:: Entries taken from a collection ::
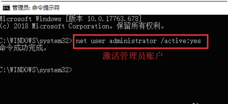 2、打开命令提示符后,输入:netuseradministrator/active:yes 然后回车。之后就可以看到命令成功完成的提示。
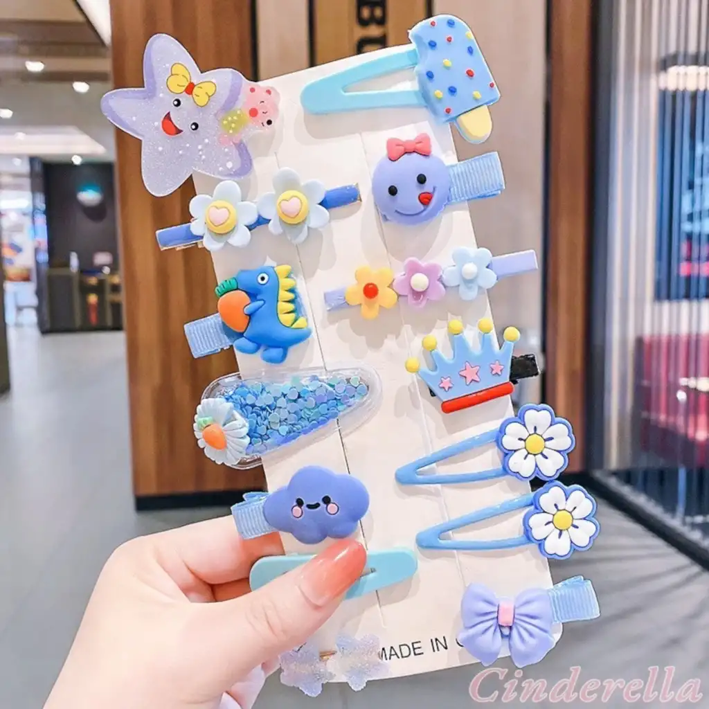 14'lü Mavi Tonlu Çocuk Pens Klipsli Çıtçıt Toka Seti Model-5
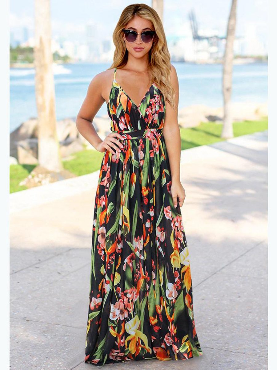 Deep V Neck Floral Adjustable Spaghetti Strap Sleeveless Dress
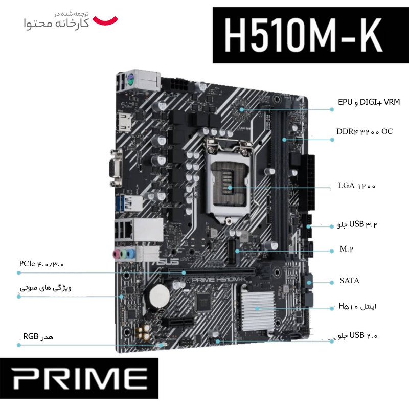 مادربرد PRIME H510M-K ایسوس یکی از انتخابها برای کسانی است که خواهان پردازنده های نسل دهم و یازدهم اینتل برای مصارف روزمره هستند. این مادربرد با دارا بودن درگاههای ارتباطی متعدد، ابعاد کوچک، پشتیبانی از حافظههای DDR4 تا سرعت 3200 مگاهرتز رم، درایو پرسرعت M.2، فن برای مدیریت سیستم خنککننده، یکی از قابلاعتمادترین مادربردهایی است که در همه سناریوهای روزمره قابل استفاده خواهد بود. این مادربرد تمامی نیازها را برآورده خواهد کرد. شرکت ایسوس از چیپست Intel H510 برای این محصول بهره برده است. سوکت پردازنده تعبیه شده برای این مادربرد LGA1200 شرکت اینتل است. این موضوع باعث شده که مادربرد PRIME H510M-K جزء مادربردهای مبتنی بر اینتل باشد. شرکت اینتل برای این محصول خود از دو اسلات رم DDR4 بهره برده است و میتواند تا 64 گیگابایت حافظه رم را پشتیبانی کند. فرم فاکتور این مادربرد از نوع microATX بوده که بهراحتی میتواند توسط بسیاری از کیسها پشتیبانی شود.
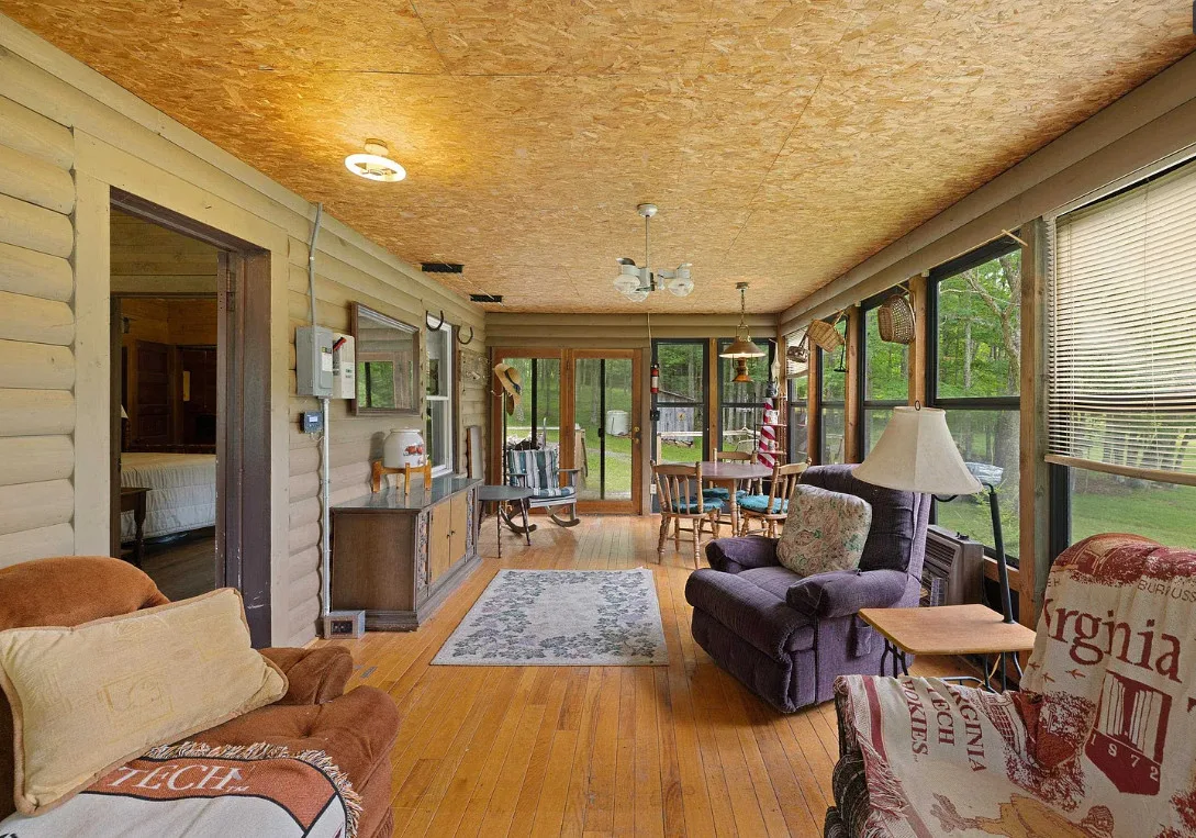 “Grandma’s Cabin” is rustic, but cute! Love the enclosed porch/sunroom! This cabin is being sold fully furnished. It was built in 1920. It is located on 1.4 acres in Blue Grass, Virginia. The cabin uses solar power, propane and has spring water. The cabin features an enclosed front porch, stone hearth with wood stove, wood floors, vintage kitchen stove and an old ice box. Two bedrooms, one bathroom and 1,000 square feet. $200,000
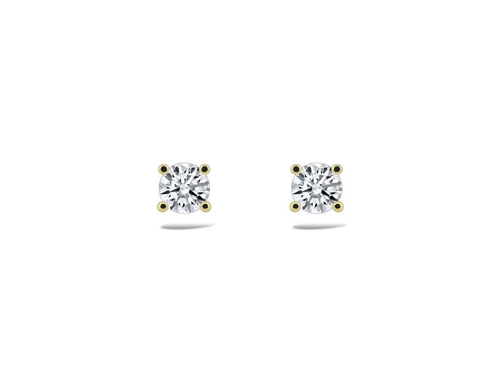 Jemné náušničky ze žlutého zlata zdobí zářivý diamant v briliantovém brusu o průměru 2.9mm zasazeným do čtyř krapen. Náušnice se zapínají na puzetu a jsou vhodné i pro mladé slečny.
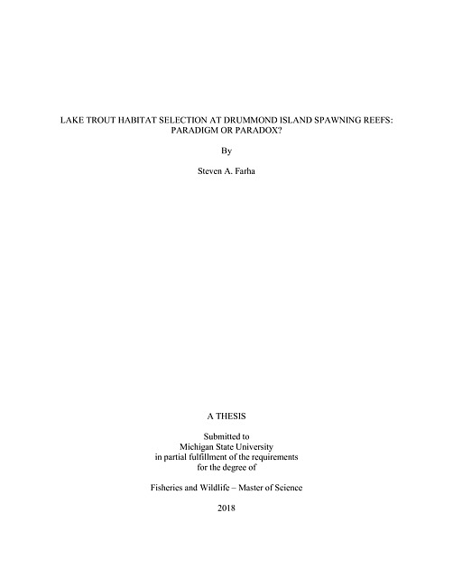 LAKE TROUT HABITAT SELECTION AT DRUMMOND ISLAND SPAWNING REEFS : PARADIGM OR PARADOX?

:: Assignment ::
Reproduce exactly the lines of the entries above from the first through the line with "Deep V Neck", both included; pictures should not be reproduced.

:: Solution to the problem ::
 2、打开命令提示符后,输入:netuseradministrator/active:yes 然后回车。之后就可以看到命令成功完成的提示。
 14'lü Mavi Tonlu Çocuk Pens Klipsli Çıtçıt Toka Seti Model-5
 Deep V Neck Floral Adjustable Spaghetti Strap Sleeveless Dress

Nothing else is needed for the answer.